Comment calculer la plus value ?

La plus-value est la différence entre la valeur d’un bien à la vente et la valeur qu’elle avait au moment de l’achat ou de l’obtention. Voulez-vous mieux comprendre les éléments cachés derrière ce terme ? Dans cet article, nous vous expliquerons étape par étape comment calculer la plus-value.

Déterminer la plus-value brute

Au prime abord, il faut préciser qu’il s’agit ici de la plus-value immobilière. Elle est désignée ainsi, car elle est calculée sur des biens immobiliers assujettis à l’impôt. Nous nous intéressons ici à la plus-value brute. Pour la trouver, il faut d’abord déterminer le prix de vente corrigé (PVC) et ensuite le prix d’achat corrigé (PAC). Le PVC est obtenu en majorant le prix de vente qui figure sur l’acte de vente de quelques éléments.

Il s’agit entre autres des charges et indemnités que l’acquéreur du bien vous doit. Mais ce n’est pas tout ! Il faut également faire des déductions sur le prix de vente initial. C’est-à-dire le diminuer de certains frais que le vendeur doit prendre en charge lui-même. Il faut noter que ces opérations doivent être prouvées par des factures. Ainsi vous venez de calculer le prix de vente corrigé.

Pour sa part, le prix d’achat corrigé est calculé selon la même logique. Cependant, il y a une précision à ne pas négliger. On considère d’abord le prix d’acquisition payé par le cédant au moment de l’achat initial. Mais il peut arriver que le bien en question soit issu d’une succession ou d’un don. Dans ce cas, les modifications se feront sur la valeur vénale du bien.

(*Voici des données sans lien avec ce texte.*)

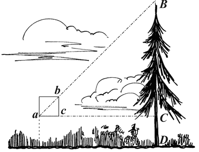 Этим исчерпывается изготовление дальномера. Объясним теперь, как им пользоваться для измерения высот. Пусть вы желаете измерить высоту дерева BD (рис. 57). Вы становитесь на некотором расстоянии от дерева и, держа дальномер так, чтобы нижний край его (близ которого устроено отверстие) располагался горизонтально, смотрите через отверстие на верхушку дерева. Приближаясь к дереву или удаляясь от него, отыскиваете такое место, стоя на котором вы увидите через дырочку а верхушку дерева В, как бы касающуюся верхнего края Ь спичечного коробка (рис. 58). Найдя это место, вам остается лишь измерить расстояние аС от этого места до основания дерева: тем самым вы определите и высоту дерева. Точнее говоря, не полную высоту дерева, а лишь высоту его над горизонтальной линией аС, проведенной на уровне ваших глаз; остается прибавить только кусок СD, который легко измерить непосредственно.
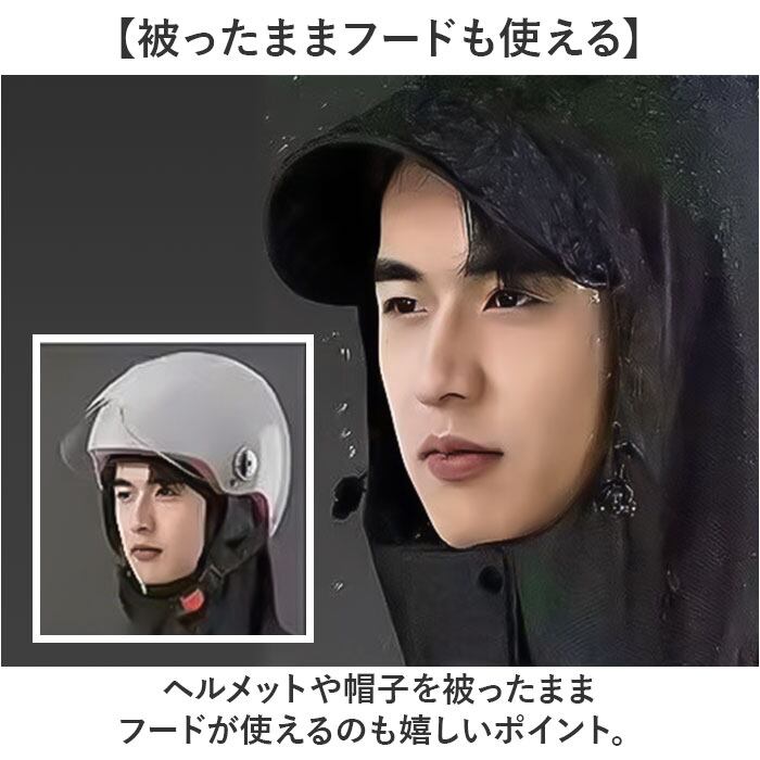 ・ヘルメットや帽子を被ったままフードが使えるのも嬉しいポイント。
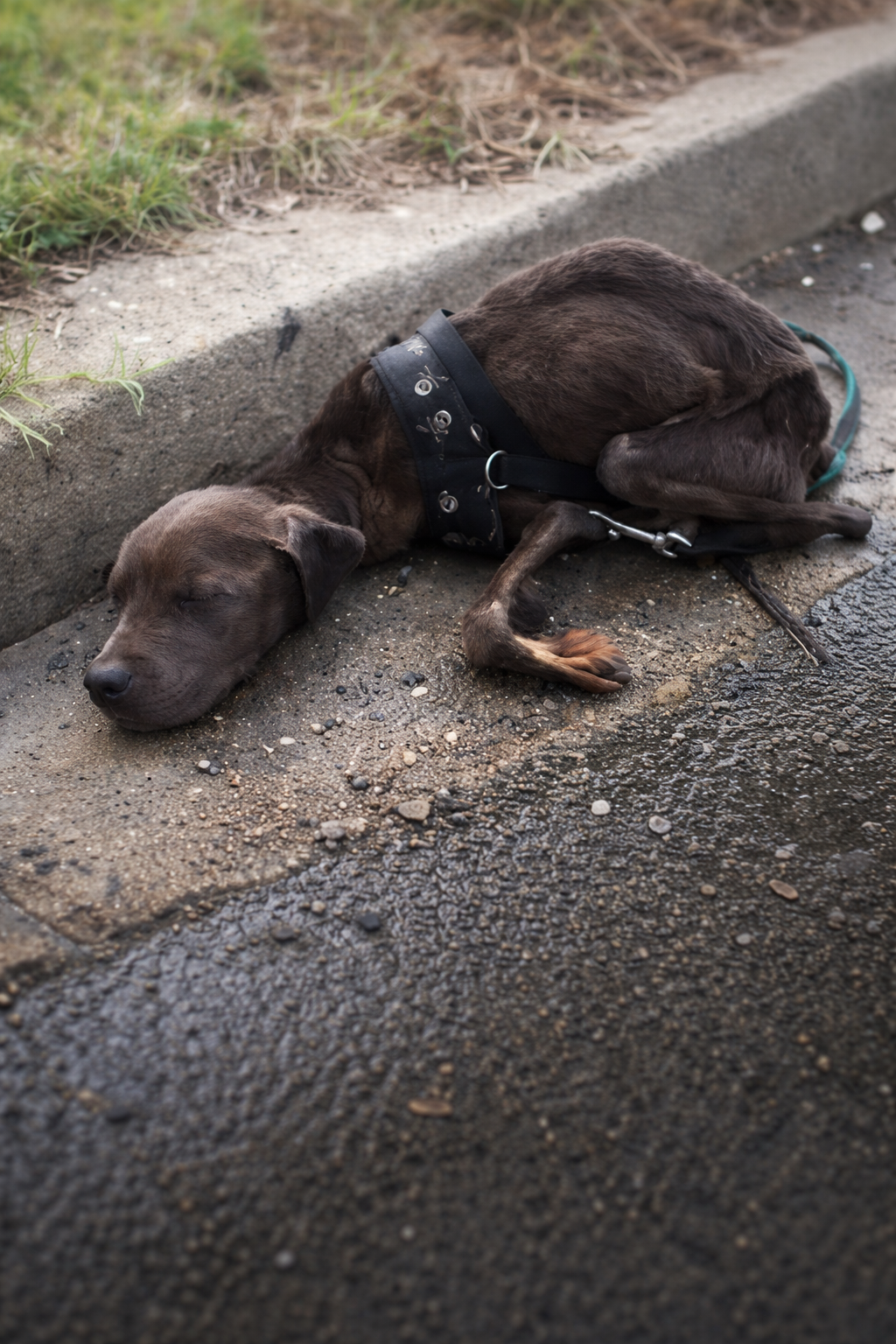 Despite the harsh surroundings, it was the only place she could keep her puppies close and somewhat hidden.
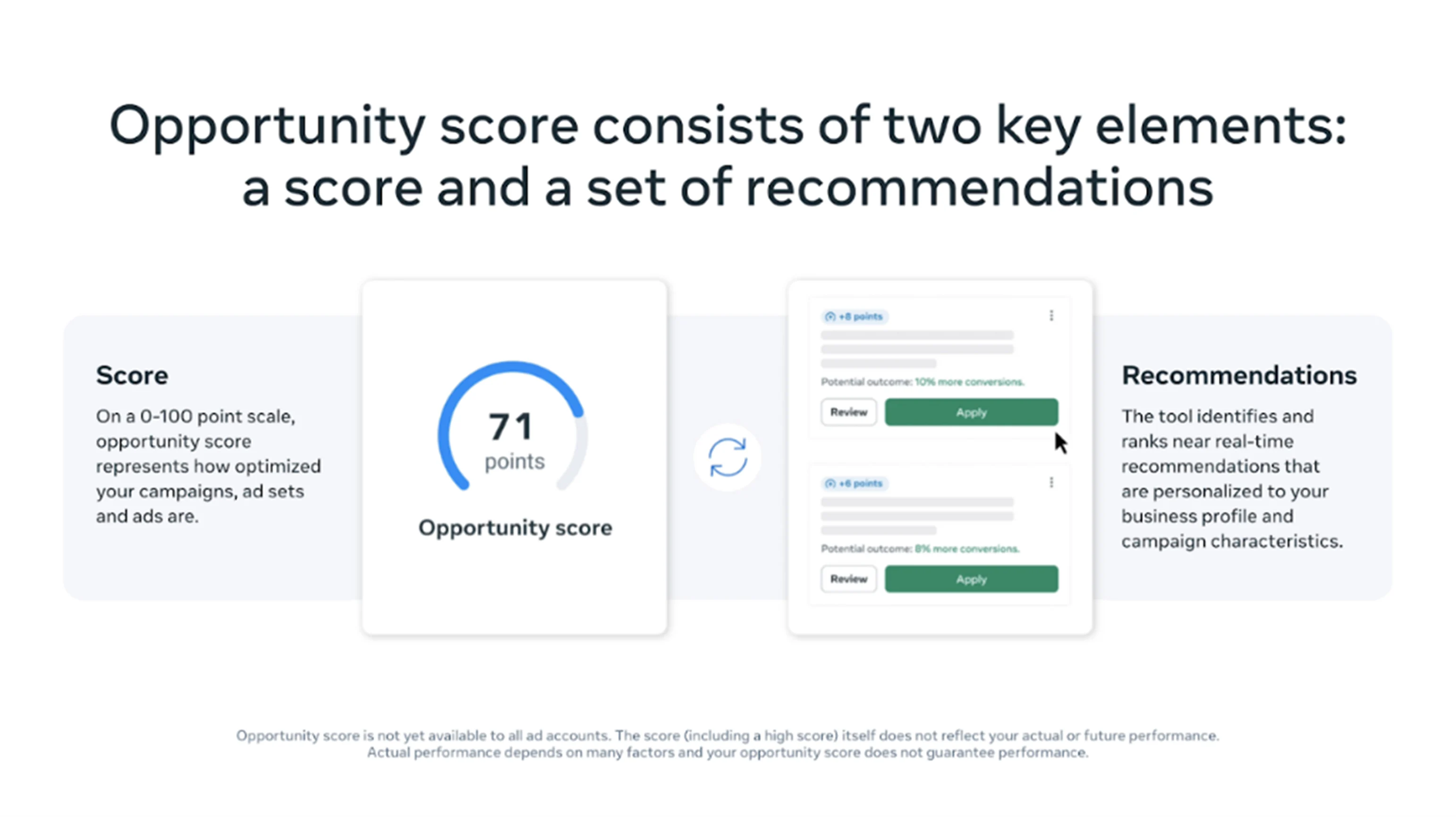 เครื่องมือปรับประสิทธิภาพแคมเปญล่าสุดจาก Meta ที่ชื่อว่า ‘คะแนนโอกาส’ เป็นเครื่องมือที่ให้คำแนะนำเพื่อปรับปรุงประสิทธิภาพแคมเปญในแบบเรียลไทม์ โดยอิงจากอัลกอริทึมของแมชชีนเลิร์นนิ่งขั้นสูงและการทดสอบกับผู้ลงโฆษณาหลายพันราย โดยผู้ใช้งานกลุ่มแรกพบว่าค่าผลลัพธ์เฉลี่ยต่อการกระทำลดลงถึง 12%
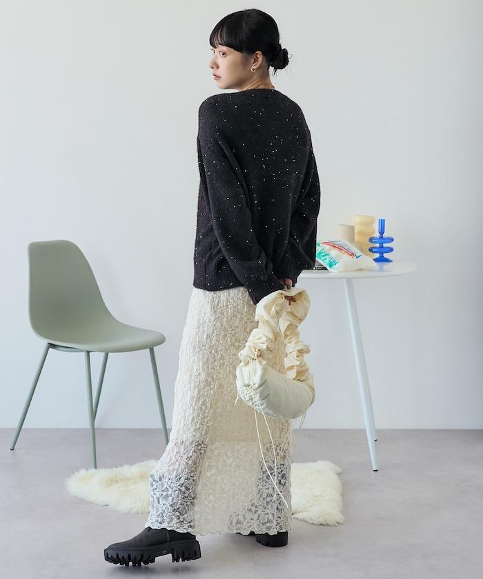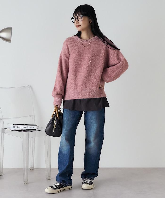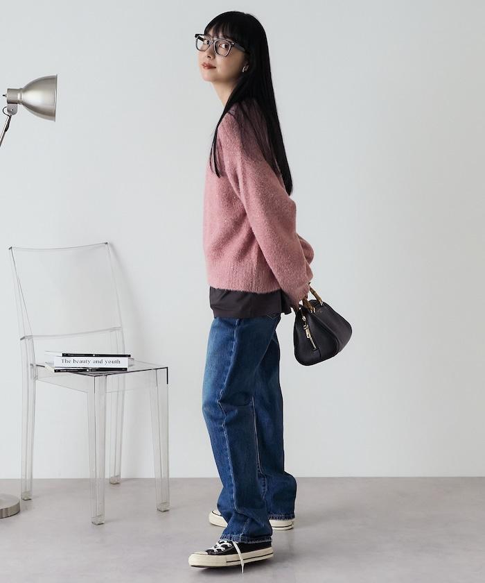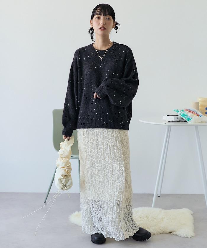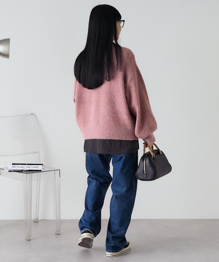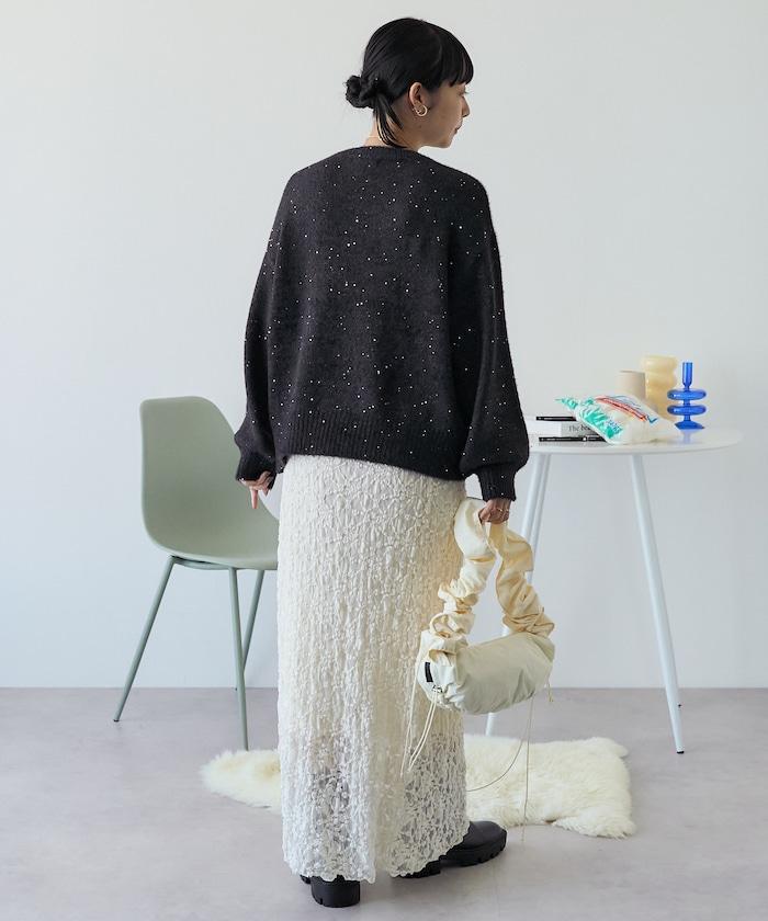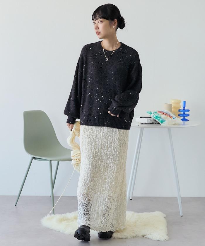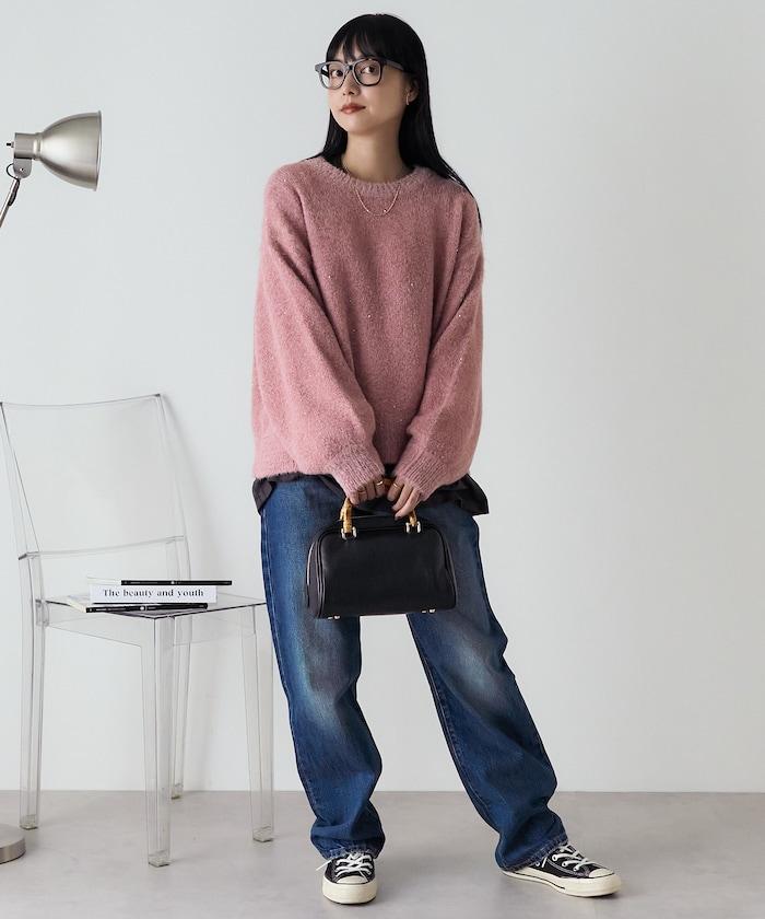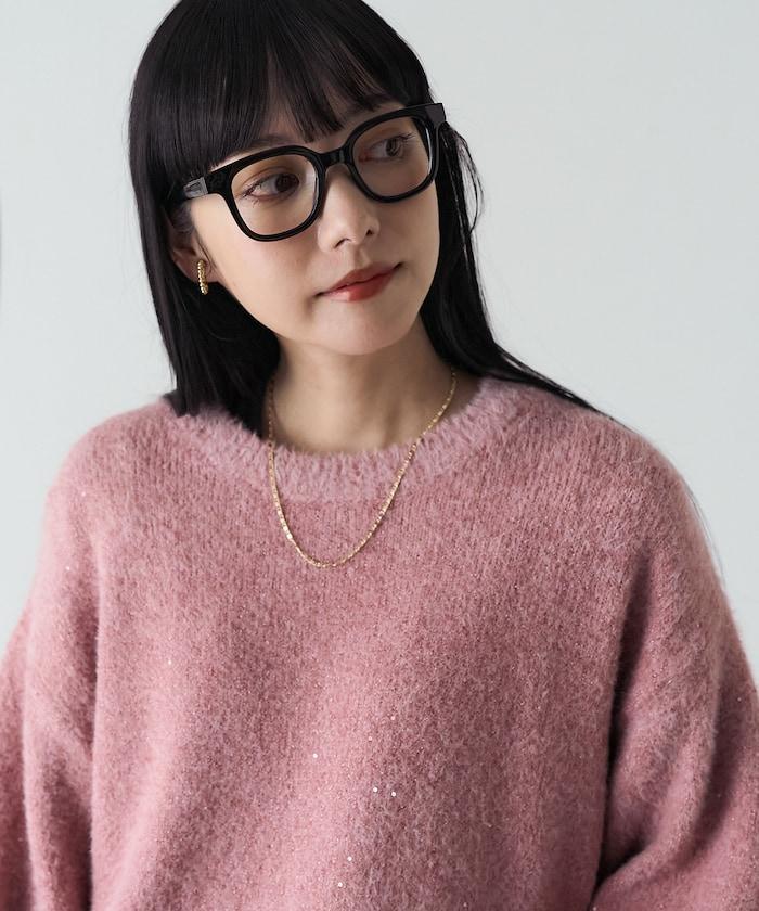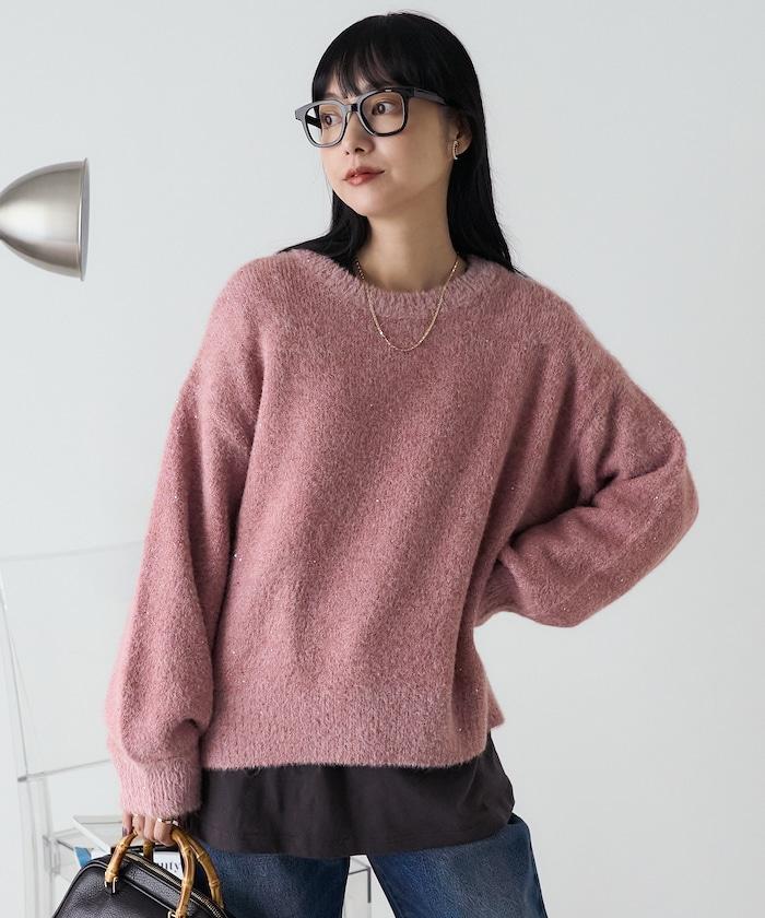 一款女性化的套頭針織衫,閃爍著微妙的亮片和薄片。
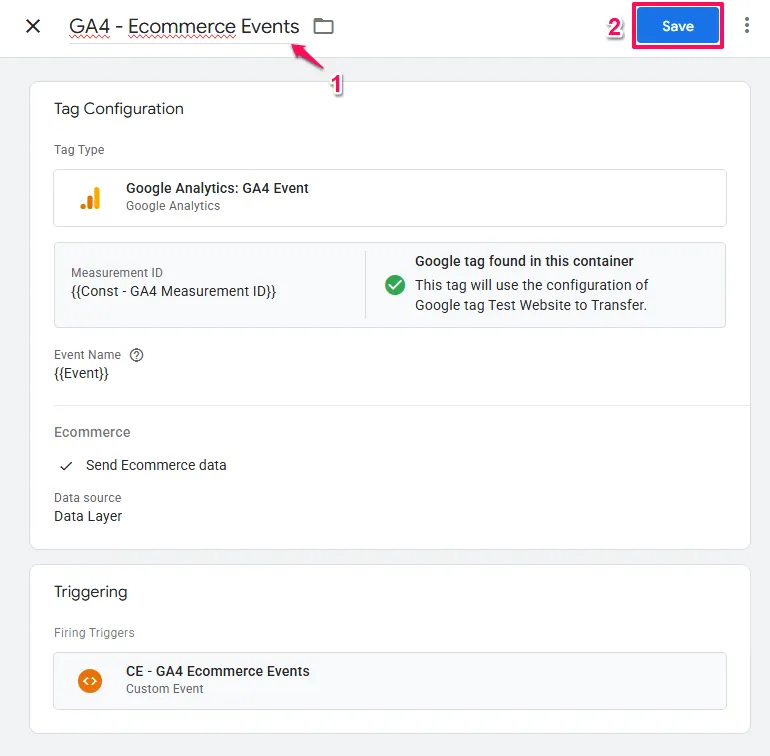 Click into the Triggering section and select the CE - GA4 Ecommerce Events trigger you created in Step 1.
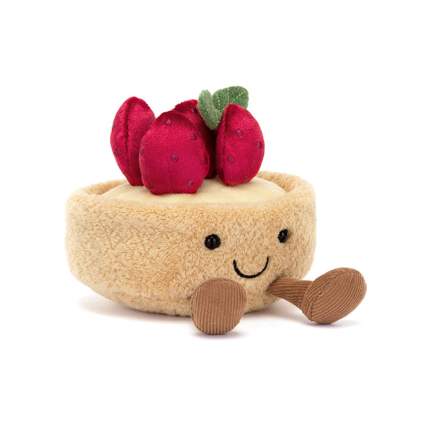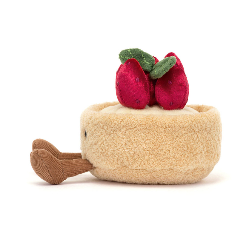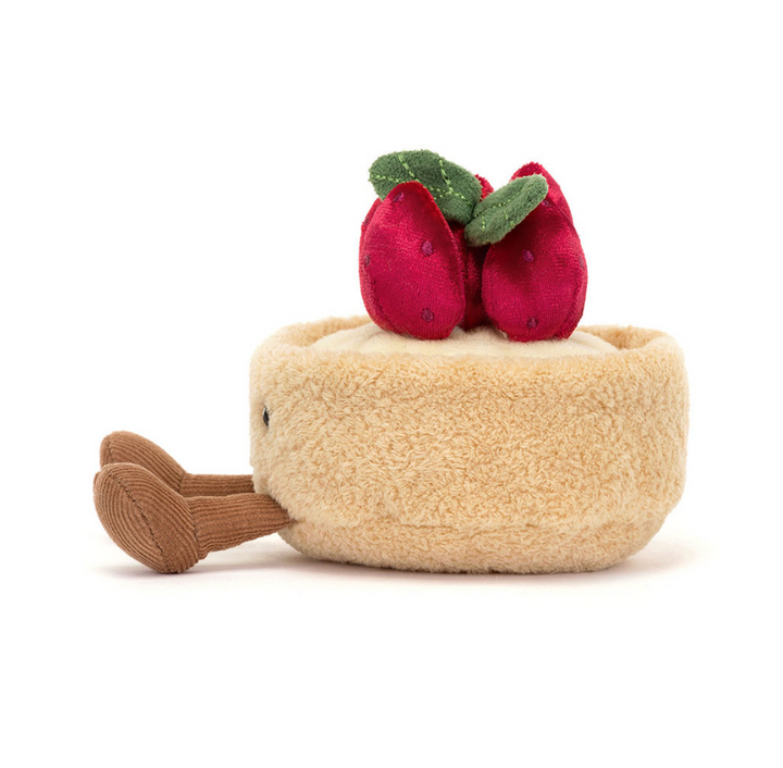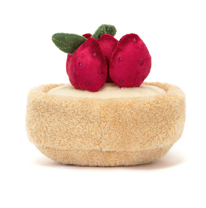 Amuseables Fleurette Tarte Aux Fraises is soft, sweet, and baked to perfection. A textured, golden pâte sucrée base is filled with a soft crème pâtissière. Decorated with a quartet of strawberries with stitched pips and a duo of leaves, Fleurette adds a little sweetness to every day.
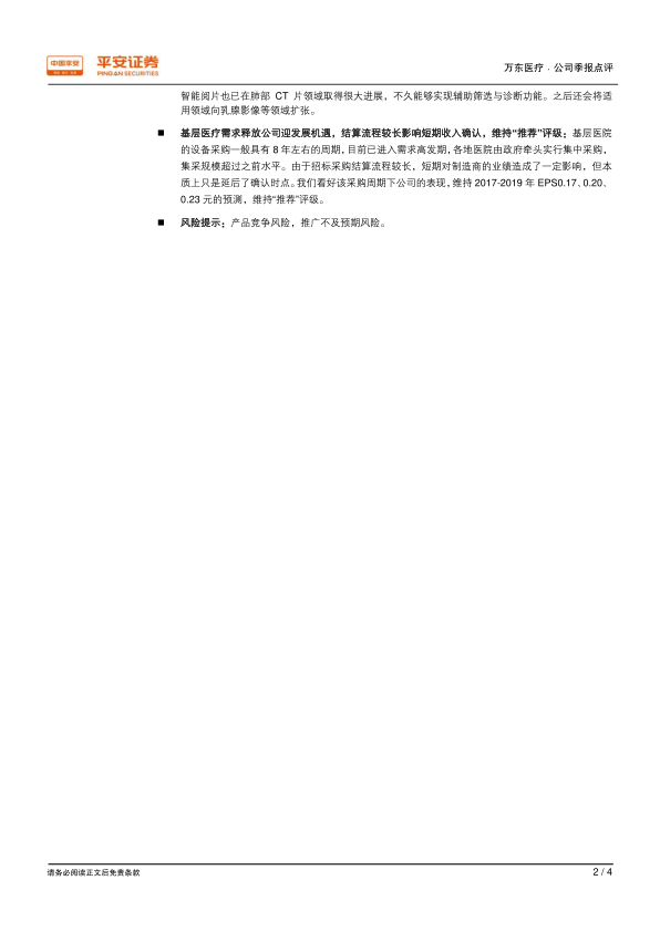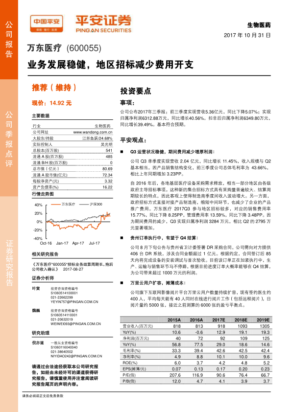 本报告分析了万东医疗2017年三季报,指出公司运营稳健,期间费用减少增厚利润。受益于基层医疗需求释放,公司积极参与地区招标,贵州订单有望在Q4结算。同时,万里云用户扩容,智能阅片取得进展。维持“推荐”评级,但需关注产品竞争和推广风险。
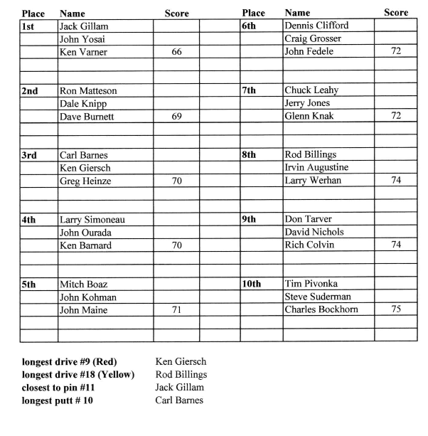 Golf Salina Municipal Golf Course Thursday Morning Seniors Results - November 6 public – 1 min read Salina Municipal Golf Course – par 70 Scramble format – 58 players… Nov 8, 2025 George

Quel que soit le cas, vous devrez majorer le prix retenu des éléments suivants :

  • les frais d’acquisition qui sont estimés forfaitairement à 7,5 % du prix
  • les frais de travaux engagés sur le bien
  • d’autres charges justifiables par présentation de facture d’entreprises.

Le PAC trouvé, il faut le soustraire du PVC pour enfin obtenir la plus-value brute.

Calculer la plus-value imposable ou la plus-value nette

Une fois la plus-value brute connue, vous devrez calculer les abattements. C’est-à-dire une déduction faite en raison du nombre d’années de détention du bien. Nombre d’années à décompter à partir de la date d’acquisition initiale (ou de la date de donation).

L’abattement est calculé en appliquant un taux donné à la plus-value brute. Ce taux varie selon la durée de détention. Il est aussi relatif que ce soit l’impôt sur le revenu ou les prélèvements sociaux. Le but de ce calcul intermédiaire est de déterminer l’assiette imposable encore appelée la plus-value nette. Les taux ont été prévus par la loi et sont applicables à partir d’une grille nommée grille d’abattement.

Ainsi, la plus-value brute sera exempte d’abattements au bout de 22 ans de détention du bien pour l’impôt sur le revenu. De même, au bout de 30 ans de détention du bien, elle sera exonérée pour les prélèvements sociaux. Il faut préciser qu’il existe aussi des cas d’abattements exceptionnels. Il s’agit de la plus-value qui résulte de la cession des terrains bâtis ou à bâtir.

En conclusion, le calcul de la plus-value est un travail échelonné en étape. La valeur recherchée et sur laquelle l’impôt sera calculé est la valeur nette ou imposable. Pour l’obtenir, il faut certains calculs préalables, notamment la déduction des abattements de la plus-value brute.